By Agness Joslyn Kaufman    

In 1917, because of a growing demand for more college work, the general degree of Bachelor of Science was added to the Engineering and Home Economics degrees. Then the evening session courses were offered on the college level, the Academy was discontinued, and the Institute emerged from World War I as a four-year college on the lists of the North Central Association.

Probably the most outstanding feature of Lewis Institute was the administration under the leadership of Director Carman, who was generally acclaimed one of the leading educators of his day, and who remained at the helm for forty years. It was his custom to register and consult with each student personally in the day school, and with as many as he could in the evening school. He lived for the Institute, and after the death of his wife in 1916 he made it his day and night work, seven days a week and he had no other interests. It is said that he did the most outstanding piece of personnel work that has ever been accomplished in an American college. The tenure of the faculty who served under him was long, for the men and women who taught at Lewis believed in the purpose of the school and were willing to devote their lives to teaching at the Institute.

That the Institute served the purpose for which it was founded can scarcely be doubted. During the first ten years of its existence, the attendance in the day and evening sessions amounted to about 10,000 individuals.
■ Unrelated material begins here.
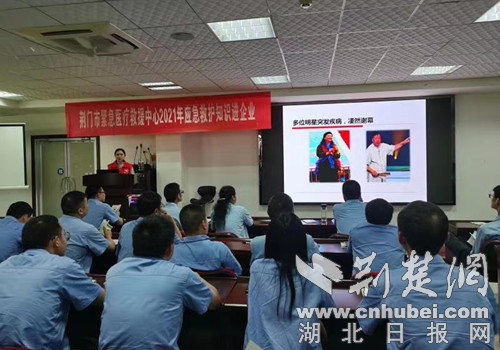 荆楚网(湖北日报网)讯(通讯员 简雪莲)6月22日,荆门市紧急医疗救援中心党员志愿服务队带领培训师走进湖北航特装备制造股份有限公司,为车间负责人、部门班组长等60余名干部职工开展了急救知识培训。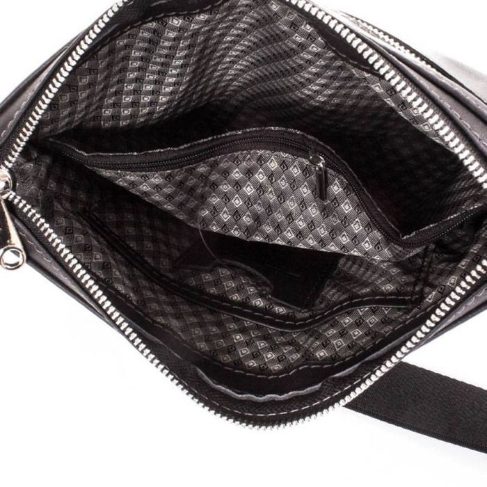 Кількість відділів: 1 основний відділ. 3 накладних кишені, одна з яких на блискавці, візитницю і кишенька для кулькової ручки. Спереду прорізна кишеня на блискавці, ззаду сумки є теж прорізна кишеня

From that time on, as the desire for education grew among young people, the numbers mounted rapidly, and in 1940 more than 100,000 students had attended the Institute from one term to twenty years - a record made by a student in the evening session.

I cannot conclude without this observation - I have never known anyone who had a real and honorable part in this educational venture known as Lewis Institute, either as a student or as a member of the faculty or of the basement staff who did not gain something fine from the contact, or who did not contribute something in the way of loyalty or devotion that was beyond price.